Input records: Begin
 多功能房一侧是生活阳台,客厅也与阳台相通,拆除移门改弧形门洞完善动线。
Input records: End
Input records: Begin
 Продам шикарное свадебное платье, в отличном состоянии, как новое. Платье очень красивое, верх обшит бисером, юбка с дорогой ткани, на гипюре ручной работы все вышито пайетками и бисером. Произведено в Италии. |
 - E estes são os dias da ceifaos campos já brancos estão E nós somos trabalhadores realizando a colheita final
Input records: End
- [What you should do]
Only one stretch of the records above is wanted: the lines between the one holding "Продам шикарное свадебное" and the one holding "- E estes são", inclusive, reproduced exactly.

- [Response to this task]
 Продам шикарное свадебное платье, в отличном состоянии, как новое. Платье очень красивое, верх обшит бисером, юбка с дорогой ткани, на гипюре ручной работы все вышито пайетками и бисером. Произведено в Италии. |
 - E estes são os dias da ceifaos campos já brancos estão E nós somos trabalhadores realizando a colheita final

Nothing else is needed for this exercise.